The three murders that I have plotted in my mind, according to me, are justified because of the nature and deeds of the people involved. Now, I know that I am not the one to decide on anyone's right to live or die but the actions that were committed by the three are worthy enough to kill them. The three in question have a deep ability to hurt and upset not only me abut also many other individuals. Now, one doesn't plot the murder of every third person we know but only some who possess that potential weapon which can be used to upset the balance of life.
While I write this post, I also understand the words, 'kindness,' 'compassion, and 'forgiveness.' Well, if I say that no matter how much I try to be kind and forgiving, the individuals just don't stop themselves from doing harm. So much so, my kindness is seen as weakness and an attitude which is not capable of standing up. Coming back to the "plotting murder" part, I have let myself have the luxury of taking cues of murder from the various books I've read and the many films I watched. And how juicily I try different ways to kill that special individual who has managed to incite so much anger and hate within me. Given my peace-loving disposition, it takes a person of great failings to drive me to think of murder. I have been saddened by my thoughts of plotting a murder to the extent that I have had doubts about my self but those doubts were laid to rest when certain other individuals also confessed having similar thoughts about people whom I would have liked to eliminate.

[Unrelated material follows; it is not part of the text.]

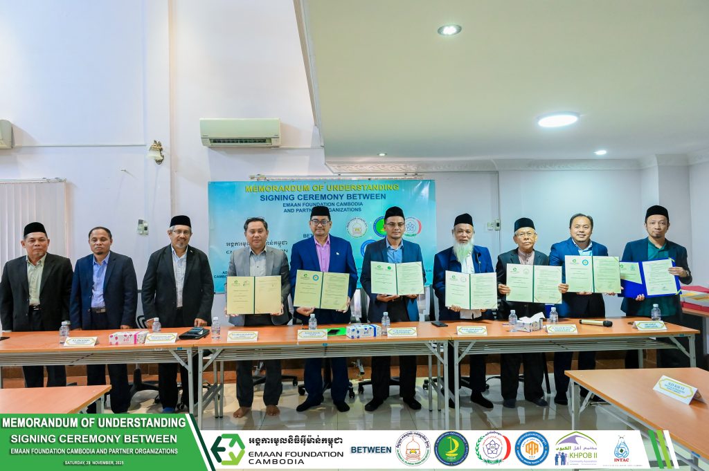 [English Below] ពិធីចុះហត្ថលេខាលើអនុស្សារណៈយោគយល់ (MoU) រវាងអង្គការមូលនិធិអុីម៉ាន់កម្ពុជា និងអង្គការ សមាគមន៍ និងស្ថាប័នអប់រំ នៅព្រឹកថ្ងៃសៅរ៍ ទី២៩ ខែវិច្ឆិកា ឆ្នាំ២០២៥ អង្គការមូលនិធិអុីម៉ាន់កម្ពុជាបានរៀបចំពិធីចុះហត្ថលេខាលើអនុស្សារណៈយោគយល់ (MoU) រវាងអង្គការ សមាគមន៍ និងស្ថាប័នអប់រំ សរុបចំនួន ៦ស្ថាប័ន ក្នុងនោះរួមមាន៖ ១.អង្គការមូលនិធិអាស៊ាន ដើម្បីការអប់រំ និងអភិវឌ្ឍន៍ (AFED) ២.វិទ្យាស្ថាន អាន់នីកម៉ះ អាល់ឥស្លាមីយ៉ះ ភ្នំពេញ ៣.សមាគមអាម៉ាណះ តាកាហ្វុល កម្ពុជា (CATA) ៤.សមាគមន៍កូប៉ា្រសុីមូស្លីមកម្ពុជា (CMC) ៥.សហគមន៍ ខ្ពួប ២ (KCA) ៦.និងសាលាអន្តរជាតិ អុិនតាច(INTAC) ពិធីចុះហត្ថលេខានេះ គឺជាជំហានមួយដ៏មានតម្លៃក្នុងការធ្វើការងាររួមគ្នា ដោយផ្តោតលើពង្រឹងគុណភាពអប់រំ និង ការអភិវឌ្ឍសហគមន៍ ឱ្យកាន់តែប្រសើរឡើង។ Signing Ceremony of the Memorandum of Understanding (MoU) between Emaan Cambodia Foundation and Partner Organizations On Saturday morning, November 29, 2025, Emaan Cambodia Foundation organized a signing ceremony of the Memorandum of Understanding (MoU) with 6 partner organizations which include: 1.ASEAN Foundation for Education and Development(AFED) 2.An-Nikmah Al-Islamiyah Phnom Penh Institute 3.Cambodia Amanah Takaful Association(CATA) 4.Cambodian Muslim Cooperatives(CMC) 5.Khpob II Community Association (KCA) 6. Institute of Integrated Tahfiz Cambodia (INTAC) This signing ceremony represents a valuable step towards working collaboratively, focusing on strengthening the quality education and improving community development.

The mind and imagination can go to any lengths in thinking and plotting and sometimes this license enables the individual to travel and explore the darker and unsought realms of fantasy. Afterall there is no ethics, punishment and judgment involved when it comes to imagination!
Do such sinister thoughts surprise you, my dear reader?Image: Internet
P.S: I have done away with those plottings, as I seem to be tired of thinking about those three individuals. I'd rather think of exotic places, dark knights and fantastic blog posts!